The key property ensuring that parameters prune boxes of the search space is that the semantics are monotonically decreasing in \(\theta \).

Lemma 1

Given sketch Q, trajectory z, and two candidate parameters \(\theta ,\theta '\in \mathbb {R}^d\) such that \(\theta \le \theta '\) component-wise, we have \(\llbracket Q_\theta \rrbracket (z)\ge \llbracket Q_{\theta '} \rrbracket (z)\).

The proof follows by structural induction on the query semantics: the base case follows since the semantics \(\mathbbm {1}(\iota _\varphi (z)\ge \theta _k)\) for predicates is monotonically decreasing in \(\theta _k\), and the inductive case follows since conjunction and disjunction are monotonically increasing in their inputs (so they are also monotonically decreasing in \(\theta _k\)). Below, we show how monotonicity ensures that we can prune whole regions of the search space if we find boundary parameters.

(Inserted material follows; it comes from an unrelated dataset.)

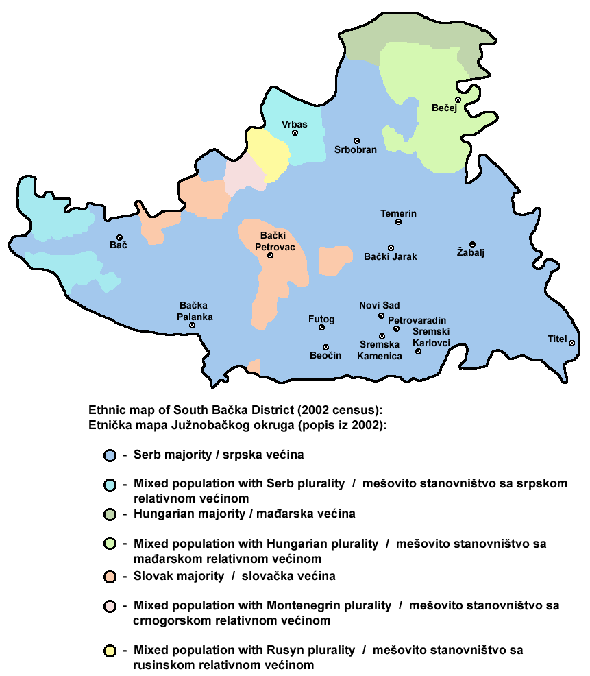 세르비아인이 다수인 지방 자치 단체는 노비사드 시 (79%), 스렘스키카를로브치 (78%), 티텔 (87%), 자발 (85%), 베오친 (70%), 스르보브란 (66%), 바치카팔란카 (79%), 테메린 (68%), 브르바스 (55%)이다. 바치키페트로바츠는 슬로바키아인이 65%로 다수를 차지하며, 바치는 세르비아인이 47%로 상대적 다수, 베체이는 헝가리인이 46%로 상대적 다수이다.

As an example, suppose we have two trajectories, \(z_0\) of a car driving quickly and then slowly, and \(z_1\) of a car driving slowly and then quickly, and that we are trying to synthesize a query for \(W=\{(z_0,0),(z_1,1)\}\). For simplicity, we assume both \(z_0=(0.9,0.6)\) and \(z_1=(0.5,0.8)\) have just two time steps each, with just a single component representing velocity. Furthermore, we assume there is just a single predicate \(\mathopen {}\left\langle {\text {VelGt}_{\theta }}_{{}_{}}\,\negthickspace \right\rangle \mathclose {}\) matching time steps where the velocity is at least \(\theta \), where \(\theta \) is a real-valued parameter. Since \(\mathopen {}\left\langle {\text {VelGt}_{\theta }}_{{}_{}}\,\negthickspace \right\rangle \mathclose {}\) matches single time steps, the satisfaction semantics is 0 except on trajectories of length 1, so:

$$\begin{aligned} \iota _{\text {VelGt}}((z_0)_{0:1})&= 0.9&\iota _{\text {VelGt}}((z_0)_{1:2})&= 0.6&\iota _{\text {VelGt}}((z)_{i:i})&= -\infty \\ \iota _{\text {VelGt}}((z_1)_{0:1})&= 0.5&\iota _{\text {VelGt}}((z_1)_{1:2})&= 0.8&\iota _{\text {VelGt}}((z)_{0:2})&= -\infty \end{aligned}$$

Consider the sketch \(Q = \mathopen {}\left\langle {\text {VelGt}_{??1}}_{{}_{}}\,\negthickspace \right\rangle \mathclose {}; \mathopen {}\left\langle {\text {VelGt}_{??2}}_{{}_{}}\,\negthickspace \right\rangle \mathclose {}\). We can see that the candidate parameters (0.5, 0.6) satisfy \(\llbracket Q_{(0.5,0.6)} \rrbracket (z_1)=1\):

$$\begin{aligned} \llbracket Q_{(0.5, 0.6)} \rrbracket ((z_1)_{0:n})&= \bigvee _{k=0}^2 \llbracket \mathopen {}\left\langle {\text {VelGt}_{0.5}}_{{}_{}}\,\negthickspace \right\rangle \mathclose {} \rrbracket ((z_1)_{0:k}) \wedge \llbracket \mathopen {}\left\langle {\text {VelGt}_{0.6}}_{{}_{}}\,\negthickspace \right\rangle \mathclose {} \rrbracket ((z_1)_{k:n})\\&= \llbracket \mathopen {}\left\langle {\text {VelGt}_{0.5}}_{{}_{}}\,\negthickspace \right\rangle \mathclose {} \rrbracket ((z_1)_{0:1}) \wedge \llbracket \mathopen {}\left\langle {\text {VelGt}_{0.6}}_{{}_{}}\,\negthickspace \right\rangle \mathclose {} \rrbracket ((z_1)_{1:2})\\&= \mathbbm {1}(0.5 \ge 0.5) \wedge \mathbbm {1}(0.8 \ge 0.6) \\&= 1, \end{aligned}$$

where the second equality holds because \(\mathopen {}\left\langle {\text {VelGt}_{\theta }}_{{}_{}}\,\negthickspace \right\rangle \mathclose {}\) matches only length-1 trajectories, so the \(k=0\) and \(k=2\) cases evaluate to 0. Since the semantics are monotonically decreasing, we have \(\llbracket Q_\theta \rrbracket (z_1)=1\) for any \(\theta \in \left\lfloor (-\infty , -\infty ), (0.5, 0.6) \right\rceil \).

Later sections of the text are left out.